La juriste retrace alors l’histoire récente du recul de ce droit fondamental à la déambulation, associé au refoulement progressif du sauvage dans notre société, chez les animaux comme chez les humains : vagabondage, errance et divagation devenant progressivement des menaces pour l’ordre urbain et industriel, alors que le nomade était auparavant associé à la figure du messager, du diffuseur d’idées neuves. Celle-ci nous montre ainsi – mobilisant la figure de l’homo œconomicus développée par Foucault – la dimension résolument capitaliste de ce changement de regard sociétal, associé au colossal besoin de main d’œuvre de la nouvelle société industrielle, qui eut besoin d’une injonction à travailler. En créant le désir de gagner sa subsistance par le travail, on fabriqua parallèlement le délit de vagabondage et sa présomption délictuelle. Elle montre comment cette évolution a également construit la conception bourgeoise et absolue de la propriété, entérinée dans le code civil de 1804, qui mit fin à l’ensemble des tolérances acquises à la paysannerie à des fins de subsistance.

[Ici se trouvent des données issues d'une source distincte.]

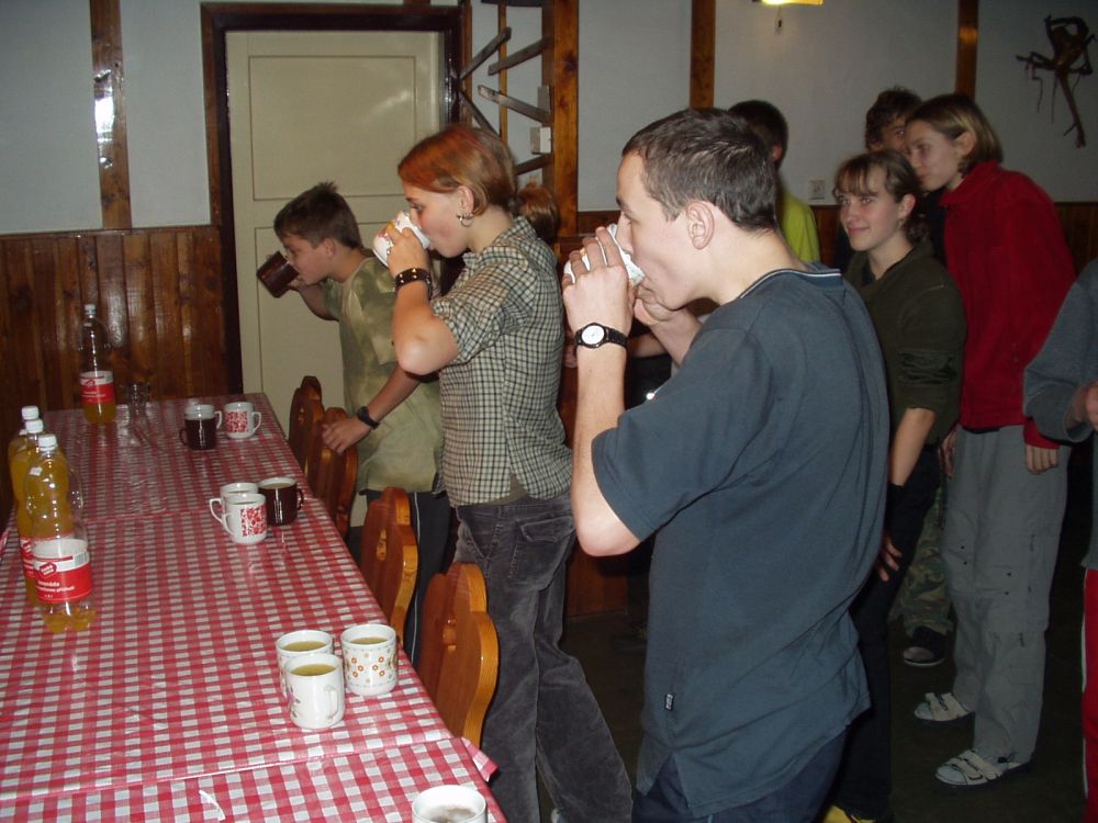 ... ze hry - štafetové pití vody...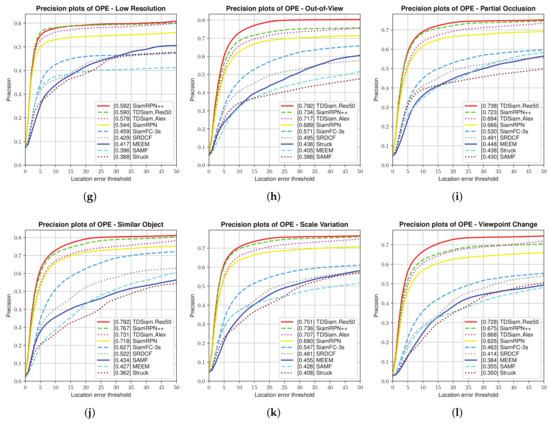 Precision plots corresponding to some typical scenarios. The UAV123 dataset was used for the evaluation. (a) Aspect Ratio Change; (b) Background Clutter; (c) Camera Motion; (d) Fast Motion; (e) Full Occlusion; (f) Illumination Variation; (g) Low Resolution; (h) Out of View; (i) Partial Occlusion; (j) Similar Object; (k) Scale Variation; (l) Viewpoint Change.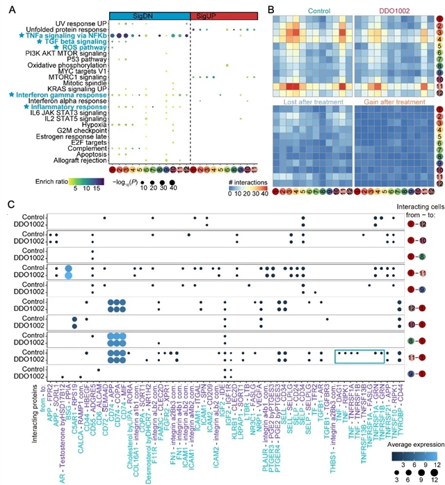 为了进一步探究其潜在机制,研究人员对注射药物的老年小鼠以及对照的混合骨髓细胞进行了单细胞测序分析。结果揭示了DDO1002处理可减弱衰老HSC细胞内炎症信号通路和ROS通路,表明其具有恢复HSCs活力的潜力。研究人员进一步分析了免疫细胞和HSC之间的相互作用基因对,发现HSCs和单核/巨噬细胞之间丢失了一些涉及TNF或其受体的相互作用,这再次表明药物处理后TNF信号通路活性降低以及免疫微环境改善。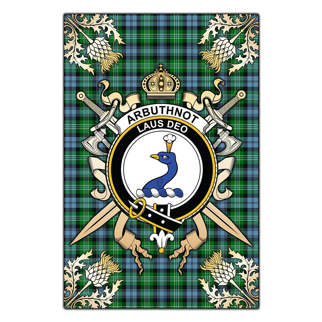 Arbuthnot Ancient Tartan Crest Black Garden Flag - Gold Thistle Style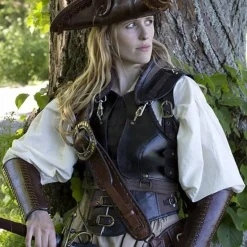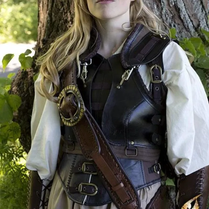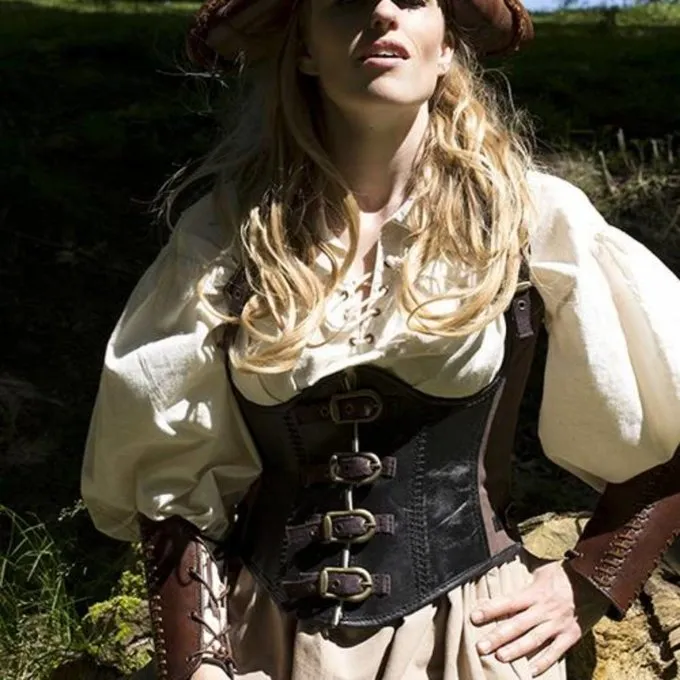 Med denne smukke læder korset kan du oprette den mest omfattende LARP, Cosplay og steampunk outfits. Dette korset er slidt under brysterne og er lavet af robust holdbart okselæder. Med lærred bomuld stropper korsettet kan justeres til din størrelse. Også på bagsiden er snorker at justere størrelsen nemt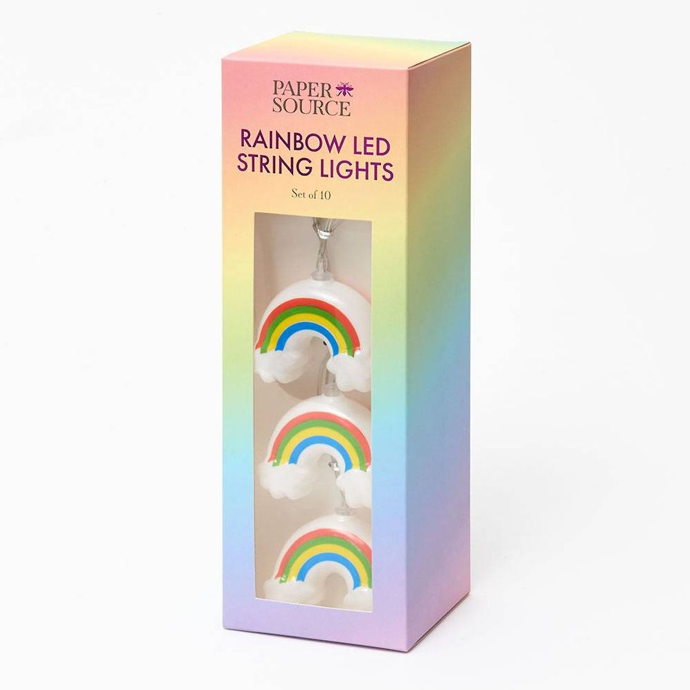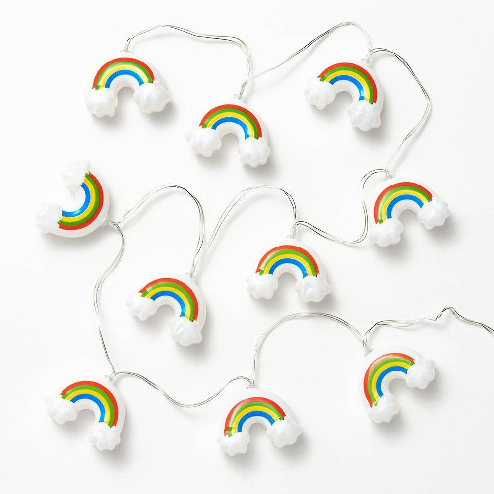 Make your home or office space more colorful with these chunky rainbow plastic LED string lights. The set includes 10 strings of lights. stretching a total of 54 (4 and a half feet) long.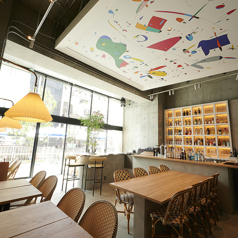 暗めの間接照明がお洒落で、観葉植物の緑が居心地の良さをプラス。そんなシックで落ち着いた雰囲気のもと、食事の時間を満喫いただけます。統一されたこだわりのインテリアと、天井で目を引くインパクトがある「渋田薫」さんのアート作品もお楽しみポイントの一つです。
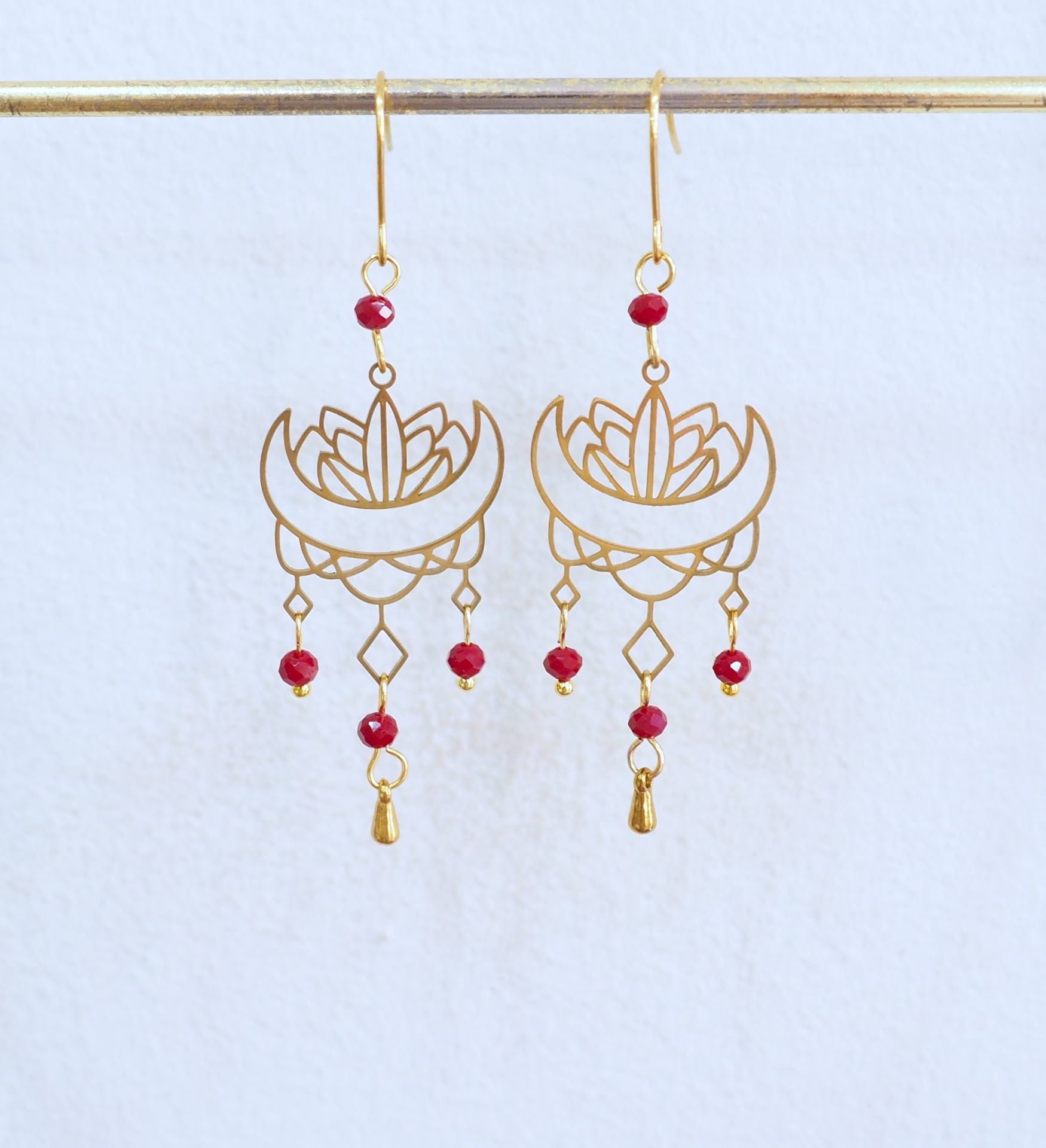 Σκουλαρίκια 6x2cm. ατσάλινο επίχρυσο νούφαρο με μπορντό κρυσταλλάκια.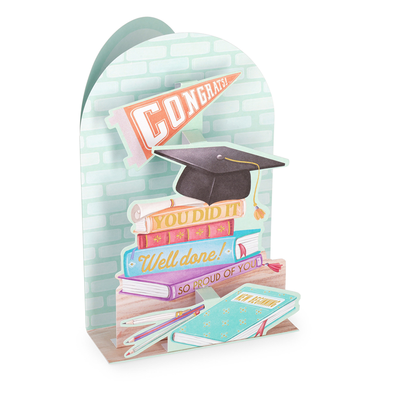 Biglietto Pop Up Graduation Books di Legami: un biglietto d'auguri tridimensionale e creativo, perfetto per celebrare un traguardo importante come la laurea. Con un design unico che raffigura una pila di libri, questo biglietto è ideale per accompagnare un regalo speciale o per esprimere le tue congratulazioni in modo originale.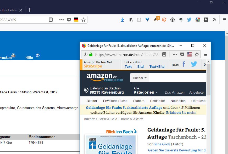 wenn ich ein Bild auf den Suchergebnissen unserer Stadtbüchereei anklicke, öffnet sich ein neues Fenster von Amazon. Dort fehlen allerdings sämtliche Navigationselemente (s. Bild). Ich würde gerne diese neue Seite als Tab angezeigt bekommen. In Chrome ging das einfach: Kontextmenü - Als Tab anzeigen - Fertig.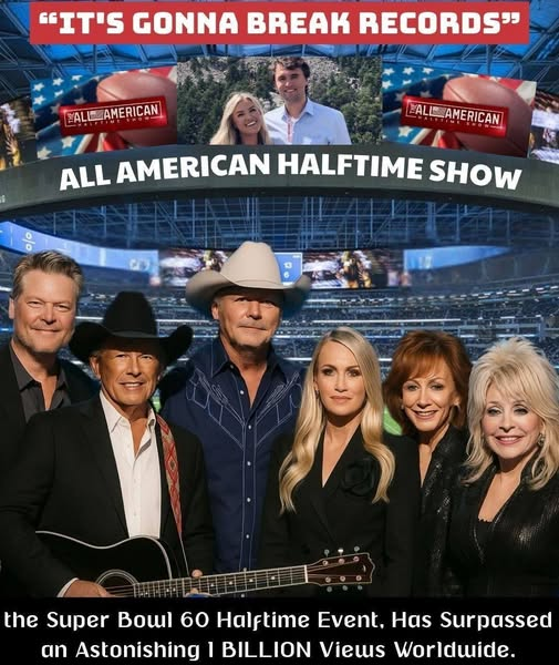 A NATION’S HISTORY UNFOLDS: Six Legends Unite for the “All-American Halftime Show” — A Powerful and Patriotic Alternative to the Super Bowl 60 Halftime Event Just announced in Nashville, Tennessee — Alan Jackson, George Strait, Trace Adkins, Kix Brooks, Ronnie Dunn, and Willie Nelson will share one unforgettable stage in this once-in-a-lifetime event honoring the late Charlie Kirk. Produced by his wife, Erika Kirk, the “All-American Halftime Show” promises to be more than just music — it’s a celebration of faith, freedom, and the enduring heart of America.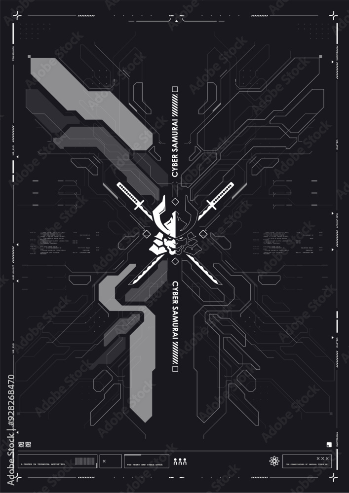 Wall mural tech abstract poster template with hud elements. cyber culture, modern flyer for web and print. hack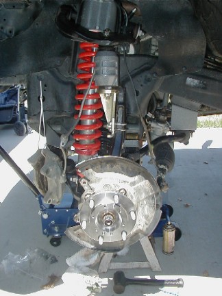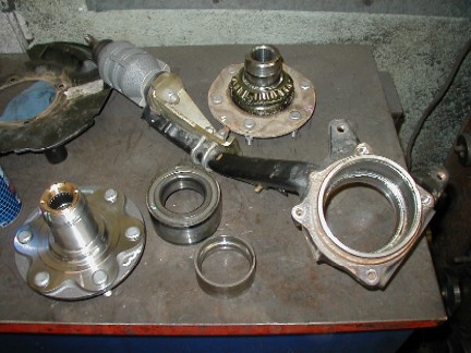 With the upper ball joint loose, the spindle comes off the truck. It is off to Auto Parts Unlimited to have the press work done. |

Dans notre monde contemporain alourdi de ces entraves, Sarah Vanuxem nous montre que de récentes portions du code de l’Environnement sont en réalité d’une puissance potentielle insoupçonnée pour défendre le sauvage. S’appliquant toutefois essentiellement à la faune et à la flore, il laisse les humains négocier des servitudes et rentrer leurs rêves au chausse-pied dans des dispositifs canalisés de « mobilité douce » et des démarches de droit administratif. La juriste pose ainsi cette question cruciale d’un droit à la fugue. Une utopie bien illustrée par l’introduction photographique de Geoffroy Mathieu, qui offre son regard sur des déambulations dans le dédale enfriché de la périphérie marseillaise. Le propos de Sarah Vanuxem n’est toutefois pas libertarien, critiquant très vivement l’amalgame qui réduit aujourd’hui le droit à la mobilité (musculaire) – dénuée d’impact écologique – au droit au transport, et donc au pseudo-droit de voler à l’autre bout du monde en avion, qu’elle n’entend pas défendre. Au contraire, il s‘agirait pour elle de refondre la hiérarchie des droits constitutionnels sur la base de l’empreinte environnementale et de la subsistance.

Substituer à la propriété un droit d’habitation est donc la grande proposition de cet ouvrage. Un « droit post-naturaliste » qui serait reconnu à tous les êtres vivants, mais surtout un droit à l’existence et à la subsistance, par le fait de pouvoir simplement passer et glaner… qui nécessiterait pour cela une « société émancipée de l’objectif de croissance économique », remarque Baptiste Lanaspèze.

Sarah Vanuxem, Du droit de déambuler, avec des photographies de Geoffroy Mathieu, Wildproject, collection « Le monde qui vient », 232 pages, 24 euros.